Suasana pengolahan ikan di Pelabuhan Perikanan Nizam Zachman Muara Baru, Jakarta Utara pada November 2016. Foto : Junaidi Hanafiah/Mongabay Indonesia

 

Agar tidak terpuruk lagi, Sjarief meminta kepada para pengusaha surimi untuk segera membuat industri perikanan yang berbasis pada spesies lokal yang pasokannya di alam masih melimpah. Jangan sampai, industri surimi meniru industri serupa di negara seperti Argentina, Cile, Amerika Serikat, dan Kanada. Di negara-negara tersebut, kata dia, spesies ikan seperti Anchovy atau Alaska Pollock jumlahnya masih jutaan ton.

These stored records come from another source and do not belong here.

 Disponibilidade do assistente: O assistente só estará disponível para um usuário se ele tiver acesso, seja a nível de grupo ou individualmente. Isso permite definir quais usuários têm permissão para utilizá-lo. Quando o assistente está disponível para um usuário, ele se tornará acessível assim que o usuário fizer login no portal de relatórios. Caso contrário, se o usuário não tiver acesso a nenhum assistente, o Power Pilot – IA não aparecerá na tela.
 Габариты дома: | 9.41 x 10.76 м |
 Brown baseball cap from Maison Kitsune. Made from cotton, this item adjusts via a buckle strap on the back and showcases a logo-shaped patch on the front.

“Negara kita tidak seperti itu, kita memiliki banyak jenis ikan tetapi volumenya sedikit,” tambah dia.

Tidak cukup disitu, Sjarief mengungkapkan, agar industri surimi bisa bertahan di industri perikanan dan kelautan nasional, maka surimi tidak bisa hidup sendiri. Menurutnya, industri surimi harus dikombinasikan dengan jenis usaha perikanan lainnya seperti frozen seafood, fillet, loin (tuna) ataupun ikan segar.

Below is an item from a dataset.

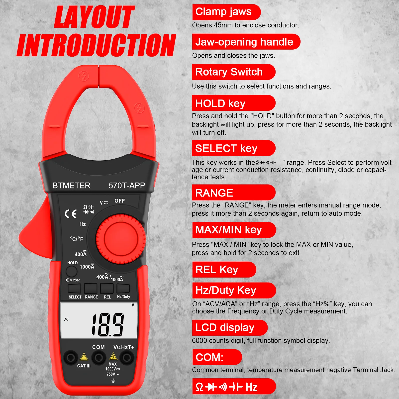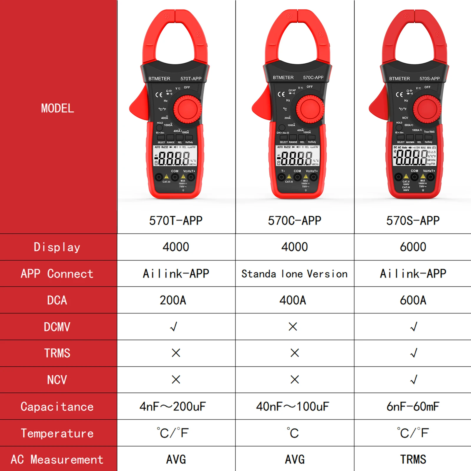 BTMETER 570C-APP Digital Clamp Meter Multimeter 4000 Counts Auto/Manual Ranging,Bluetooth Amp Meter for Electrical HVAC Ammeter - Купить с бесплатной доставкой

“Kita harus bisa multiproduk, multispesies dengan added value (nilai tambah) yang tinggi. Kalau hanya mengandalkan surimi, maka populasi ikan itu sendiri akan lebih cepat menipis,” tegas dia.

 

Ekspansi Usaha

Lebih lanjut Sjarief memperkirakan, jika diversifikasi usaha perikanan tangkap tidak segera dilakukan, industri surimi tak akan bertahan lama. Sementara, kalaupun pengusaha terus mengeksploitasi perairan yang menjadi tempat berkumpulnya ikan yang dibutuhkan, padahal jumlahnya semakin sedikit, maka itu akan merusak perairan tersebut.

Untuk setiap pabrik surimi yang beroperasi di Indonesia, Sjarief menyebutkan, sedikitnya dibutuhkan 1.500 ton ikan dalam sebulan. Jika jumlah perusahaan yang beroperasi mencapai puluhan, maka bisa dipastikan kebutuhan ikan akan meningkat berkali-kali lipat lagi. Jadi, cepat atau lambat, jika fokus bisnisnya masih seperti itu, maka ikan yang dibutuhkan dipastikan akan hilang di laut.

“Jadi kita akan mendorong surimi untuk menurunkan kapasitasnya dan beralih ke unit usaha baru. Untuk itu, pemerintah menawarkan kerja sama untuk mulai membuka unit baru, tidak di Jawa, tetapi di sentra-sentra perikanan kita,” ungkap dia.

Adapun, menurut Sjarief, lokasi yang ditawarkan Pemerintah di antaranya ada di Merauke (Papua), Dobo (Kepulauan Aru, Maluku), Tual (Maluku), Saumlaki (Maluku), Timika (Papua), Sebatik (Kalimantan Utara), dan Natuna (Kepulauan Riau).

“Kita siapkan armada kapal angkut dari Merauke ke Jawa (untuk mengangkut produk). Dengan begini, nelayan-nelayan yang sudah berpindah ke timur (Indonesia) juga tak perlu khawatir siapa yang akan membeli ikan tangkapan mereka,” pungkas dia.